#### WORK ITEM:
Word for word, copy out the data below, omitting pictures.

#### PROVIDED MATERIAL:

::::

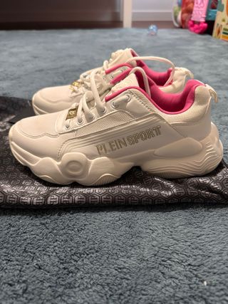 Zapatillas deportivas de la marca Philipp Plein usado solo una vez - Diseño moderno en blanco con detalles en rosa. - Cierre con cordones. - Suela gruesa y cómoda. • Plein Sport • zapatillas Plein Sport • Philipp Plein • zapatillas de marca • zapatillas deportivas • sneakers • calzado deportivo • zapatillas urbanas • moda urbana • estilo streetwear • lujo deportivo • zapatillas originales
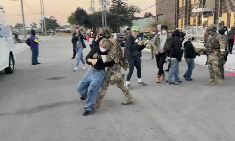 Video of the brief tussle shows Abughazaleh in blue jeans and a black long-sleeved shirt as she positions herself in front of an ICE vehicle about to depart the center. Protestors and reporters filled the surrounding scene to the point that another ICE agent deployed tear gas to try and disperse the crowd.
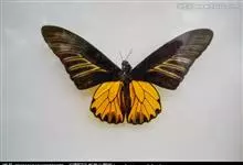金裳凤蝶是凤蝶科、裳凤蝶属的动物。金裳凤蝶身体呈黑色,头、颈和胸侧有红毛,腹部有黑黄两色相间条纹,雄蝶前翅黑色,具黑天鹅绒光泽,各脉两侧灰白色,后翅金黄色,各室外缘有等腰三角形黑斑1枚,斑内侧有晕,…全部>>

::::

#### SOLUTION:
 Zapatillas deportivas de la marca Philipp Plein usado solo una vez - Diseño moderno en blanco con detalles en rosa. - Cierre con cordones. - Suela gruesa y cómoda. • Plein Sport • zapatillas Plein Sport • Philipp Plein • zapatillas de marca • zapatillas deportivas • sneakers • calzado deportivo • zapatillas urbanas • moda urbana • estilo streetwear • lujo deportivo • zapatillas originales
 Video of the brief tussle shows Abughazaleh in blue jeans and a black long-sleeved shirt as she positions herself in front of an ICE vehicle about to depart the center. Protestors and reporters filled the surrounding scene to the point that another ICE agent deployed tear gas to try and disperse the crowd.
金裳凤蝶是凤蝶科、裳凤蝶属的动物。金裳凤蝶身体呈黑色,头、颈和胸侧有红毛,腹部有黑黄两色相间条纹,雄蝶前翅黑色,具黑天鹅绒光泽,各脉两侧灰白色,后翅金黄色,各室外缘有等腰三角形黑斑1枚,斑内侧有晕,…全部>>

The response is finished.